#### AVAILABLE RECORDS

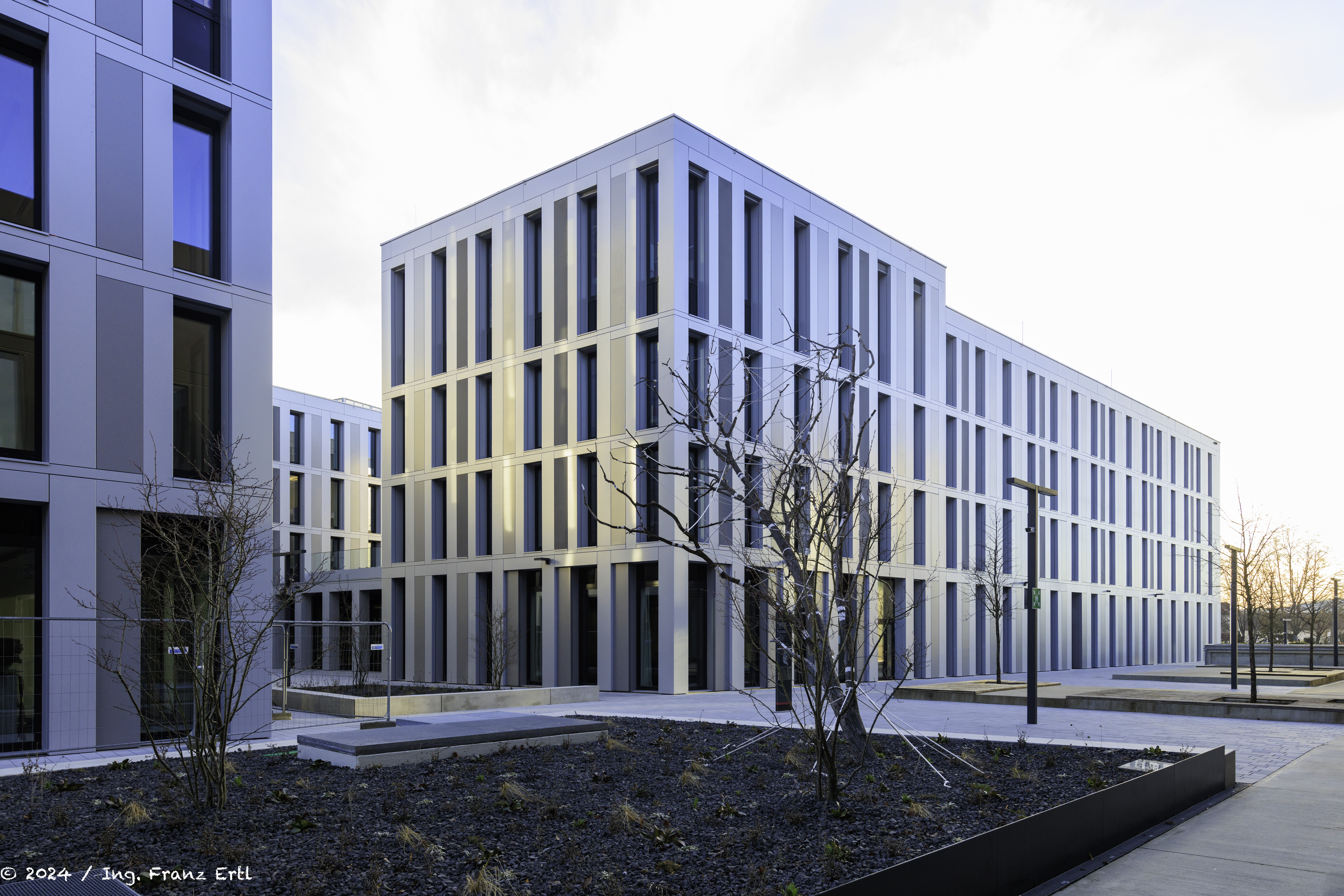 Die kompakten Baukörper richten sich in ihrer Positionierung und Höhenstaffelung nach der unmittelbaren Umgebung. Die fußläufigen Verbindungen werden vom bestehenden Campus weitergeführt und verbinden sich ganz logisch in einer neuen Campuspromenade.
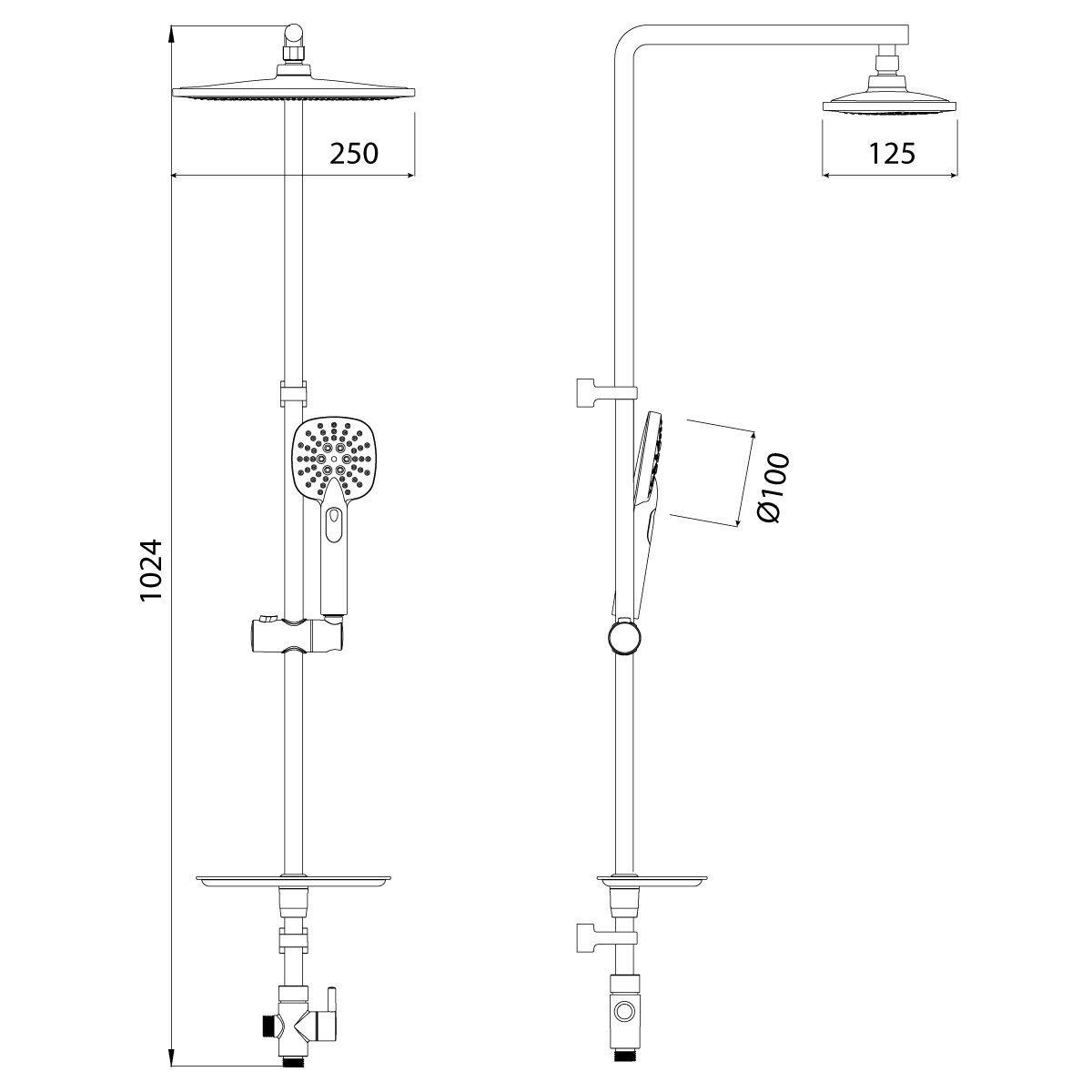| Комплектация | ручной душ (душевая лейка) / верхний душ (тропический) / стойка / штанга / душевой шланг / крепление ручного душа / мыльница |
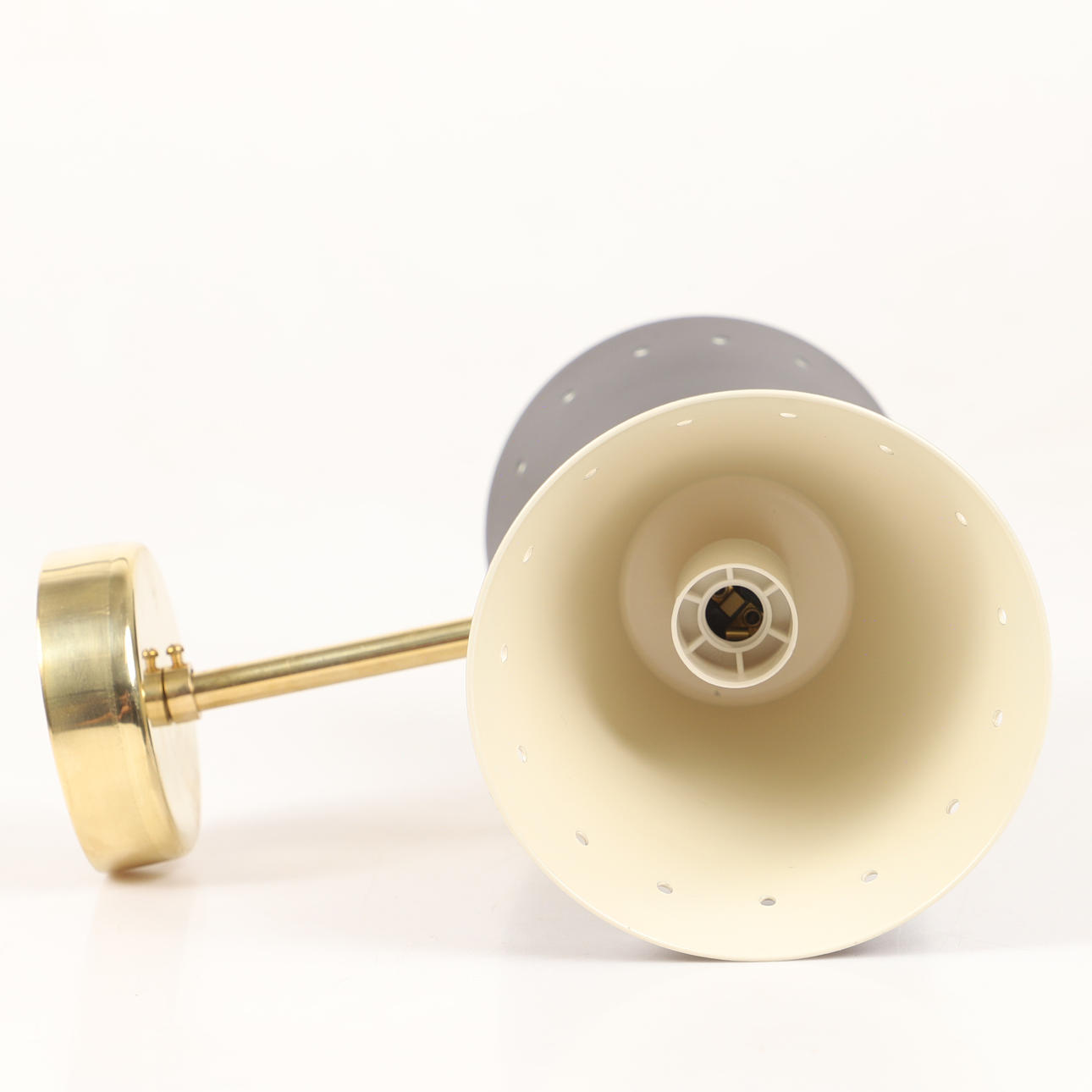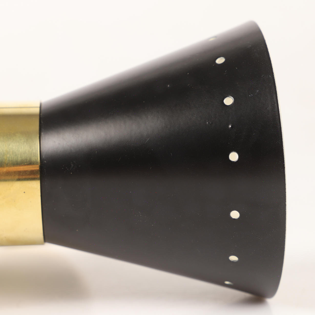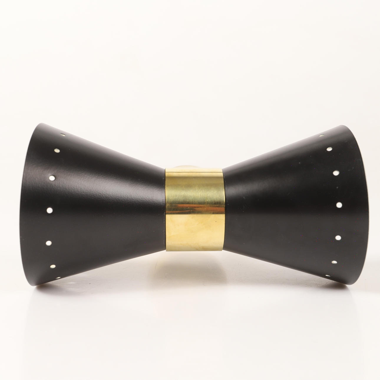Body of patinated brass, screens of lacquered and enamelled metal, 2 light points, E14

########
#### AVAILABLE RECORDS

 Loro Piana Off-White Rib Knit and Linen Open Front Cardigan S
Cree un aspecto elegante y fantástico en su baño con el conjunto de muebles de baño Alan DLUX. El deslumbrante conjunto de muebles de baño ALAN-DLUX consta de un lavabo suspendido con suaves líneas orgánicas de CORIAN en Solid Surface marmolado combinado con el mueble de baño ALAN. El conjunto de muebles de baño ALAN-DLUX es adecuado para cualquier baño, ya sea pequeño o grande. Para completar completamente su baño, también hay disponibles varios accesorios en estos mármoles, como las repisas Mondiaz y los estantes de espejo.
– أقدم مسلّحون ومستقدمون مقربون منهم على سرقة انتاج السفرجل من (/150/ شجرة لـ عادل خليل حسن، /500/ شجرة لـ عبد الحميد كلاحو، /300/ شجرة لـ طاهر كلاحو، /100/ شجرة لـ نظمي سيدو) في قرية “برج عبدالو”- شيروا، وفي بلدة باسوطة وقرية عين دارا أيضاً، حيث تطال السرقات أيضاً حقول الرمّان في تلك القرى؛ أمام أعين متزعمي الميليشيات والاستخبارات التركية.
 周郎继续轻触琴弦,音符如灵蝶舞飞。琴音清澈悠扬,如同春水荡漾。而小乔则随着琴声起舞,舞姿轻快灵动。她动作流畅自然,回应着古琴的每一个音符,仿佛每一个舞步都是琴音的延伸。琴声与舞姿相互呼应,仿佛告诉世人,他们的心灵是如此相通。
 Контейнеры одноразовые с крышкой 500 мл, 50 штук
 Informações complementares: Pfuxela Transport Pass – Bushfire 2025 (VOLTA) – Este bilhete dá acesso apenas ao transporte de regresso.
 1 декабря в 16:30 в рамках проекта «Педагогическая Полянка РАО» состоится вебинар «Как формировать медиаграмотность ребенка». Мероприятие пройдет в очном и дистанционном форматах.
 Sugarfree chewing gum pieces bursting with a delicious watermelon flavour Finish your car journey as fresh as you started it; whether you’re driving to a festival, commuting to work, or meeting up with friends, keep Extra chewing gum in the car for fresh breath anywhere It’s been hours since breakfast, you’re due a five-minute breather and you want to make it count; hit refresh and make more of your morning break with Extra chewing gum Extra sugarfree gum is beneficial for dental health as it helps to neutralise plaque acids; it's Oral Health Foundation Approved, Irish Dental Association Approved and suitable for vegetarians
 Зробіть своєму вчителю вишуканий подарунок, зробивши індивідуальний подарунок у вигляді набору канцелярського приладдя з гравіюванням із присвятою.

########

- TASK GOAL: In the data above, retype exactly and only the lines between the one holding "Cree un aspecto" and the one holding "الميليشيات والاستخبارات التركية.", inclusive.

- ANSWER BELOW:
Cree un aspecto elegante y fantástico en su baño con el conjunto de muebles de baño Alan DLUX. El deslumbrante conjunto de muebles de baño ALAN-DLUX consta de un lavabo suspendido con suaves líneas orgánicas de CORIAN en Solid Surface marmolado combinado con el mueble de baño ALAN. El conjunto de muebles de baño ALAN-DLUX es adecuado para cualquier baño, ya sea pequeño o grande. Para completar completamente su baño, también hay disponibles varios accesorios en estos mármoles, como las repisas Mondiaz y los estantes de espejo.
– أقدم مسلّحون ومستقدمون مقربون منهم على سرقة انتاج السفرجل من (/150/ شجرة لـ عادل خليل حسن، /500/ شجرة لـ عبد الحميد كلاحو، /300/ شجرة لـ طاهر كلاحو، /100/ شجرة لـ نظمي سيدو) في قرية “برج عبدالو”- شيروا، وفي بلدة باسوطة وقرية عين دارا أيضاً، حيث تطال السرقات أيضاً حقول الرمّان في تلك القرى؛ أمام أعين متزعمي الميليشيات والاستخبارات التركية.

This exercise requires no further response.